Director, International Relations Office Nanyang Technological University

Other directorships

Past:

International Development and Consultancy Corporation Pte Ltd

Present:
Nil
Shareholding in the listed issuer and its subsidiaries: Nil

Family relationship with any director and/or substantial shareholder of the listed issuer or of any of its principal subsidiaries: None

Conflict of interest: None

Declaration by a Director, Executive Officer or Controlling Shareholder as Required
( As required per Appendix 2.4)
-
1(a) Were you in the last 10 years involved in a petition under any bankruptcy laws in any jurisdiction filed against you ?
No

1(b) Were you in the last 10 years a partner of any partnership involved in a petition under any bankruptcy laws in any jurisdiction filed against it while you were such a partner?
No

1(c) Were you in the last 10 years a director or an executive officer of any corporation involved in a petition under any bankruptcy laws in any jurisdiction filed against it while you were such a director or executive officer ?
No

2. Are there any unsatisfied judgements outstanding against you ?
No

3. Have you been convicted of any offence, in Singapore or elsewhere, involving fraud or dishonesty punishable with imprisonment for 3 months or more, or charged for violation of any securities laws?
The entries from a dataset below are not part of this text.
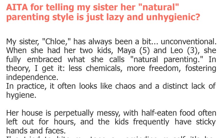 "AITA for telling my sister her "natural" parenting style is just lazy and unhygienic?"
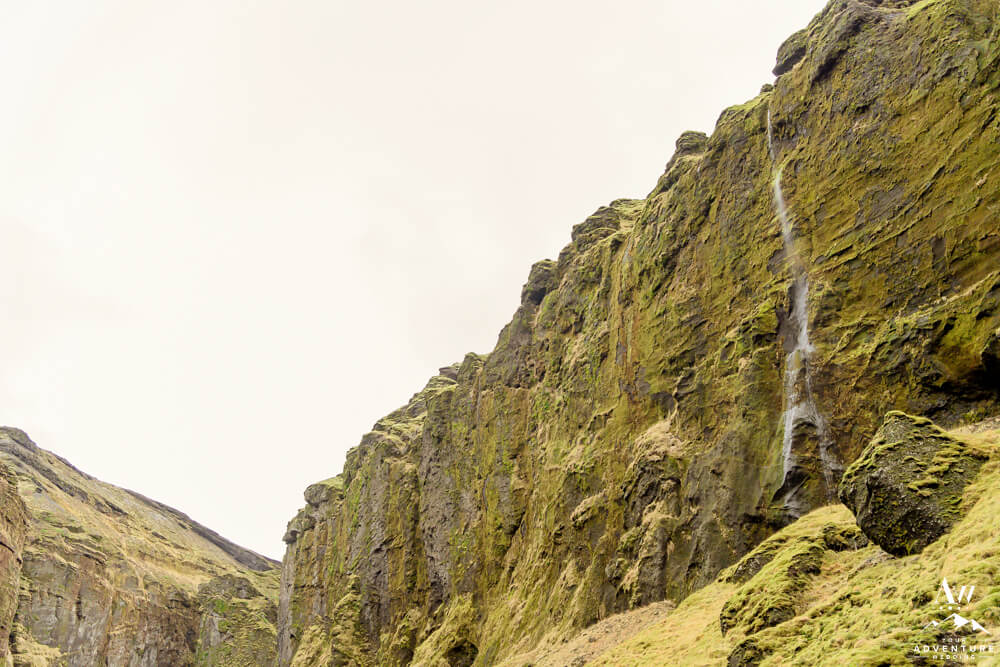 Heading further into the Stakkholtsgjá hike, you’ll continue to follow the river back until you see a cross road canyon emerge (about 20-25ish minutes in). That surprise canyon goes to the right but the waterfall you came for is to the left.
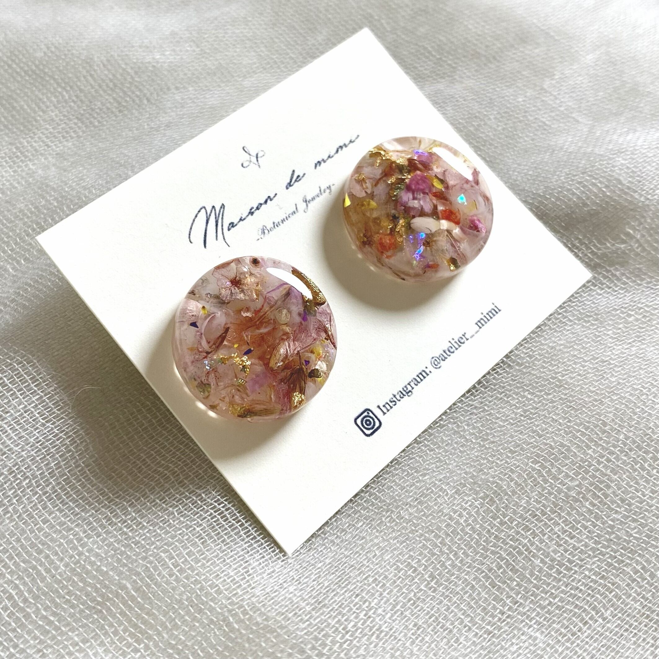 Maison de mimi の日常ライン Mimi quotidien より、透明なレジンの中に咲く花を閉じ込めたシンプルなピアス。

Are you the subject of any such pending criminal proceeding ?
No

4. Have you at any time been convicted of any offence, in Singapore or elsewhere, involving a breach of any securities or financial market laws, rules or regulations ?
No

5. Have you received judgment against you in any civil proceeding in Singapore or elsewhere in the last 10 years involving fraud, misrepresentation or dishonesty? Are you the subject of any such pending civil proceeding ?
No

6. Have you been convicted in Singapore or elsewhere of any offence in connection with the formation or management of any corporation?
No

7. Have you ever been disqualified from acting as a director of any company, or from taking part in any way directly or indirectly in the management of any company?
No

8. Have you been the subject of any order, judgement or ruling of any court of competent jurisdiction, tribunal or governmental body permanently or temporarily enjoining you from engaging in any type of business practice or activity ?
No

9. Have you , to your knowledge, in SIngapore or elsewhere, been concerned with the management or conduct of affairs of any company or partnership which has been investigated by an inspector appointed under the provisions of the Companies Act, or other securities enactments or by any other regulatory body in connection with any matter involving the company, or partnership occurring or arising during the period when you were so concerned with the company or partnership?
No

Submitted by Tan Shou Chieh, Secretary on 01/08/2002 to the SGX

(Post 39 of 44)   09/18/2002.17:34:36
Author :
Sipost
TAI SIN ELECTRIC CABLES MANUFACTURER LIMITED

Full Year Financial Statement And Dividend Announcement


Pls view financial here.

(Post 40 of 44)   09/26/2002.08:41:21
Author :
Sipost
TAI SIN ELECTRIC CABLES MANUFACTURER LIMITED

FURTHER INFORMATION ON RESULTS FOR THE FULL YEAR ENDED 30 JUNE 2002


Pls view announcement here.

(Post 41 of 44)   01/07/2003.10:53:38
Author :
Blur_queen
Need help!
I am new to the market. My friend recommend me to buy this stock
bcos the NTA is much higher than the current price and this company
has a steady business and profitable.

Is it a good counter to buy into.

(Post 42 of 44)   10/22/2003.13:08:20
Author :
Skyfox
Don't forget this long forgotten counter. NTA of $0.175 with business improvement in sector and mentioned by management. Resistance currently at $0.18, looking forward, my target is to hit at least $0.25

(Post 43 of 44)   04/06/2004.19:34:19
Author :
Cyberian
not bad 7% up

(Post 44 of 44)   02/25/2005.00:58:03
Author :
Victorian
An undervalued counter in a boring biz. 1/2 year Doubling its profits to almost its last full year earnings, low PE of 8X and trading at 40% below book value. Can't wait for its final year earnings. If net profits doubles that of last year, trading at forward PE of 4X.

Just a matter of time before it's discovered and moves up to match its book value at least like this counter Singapore Shipping Corporation.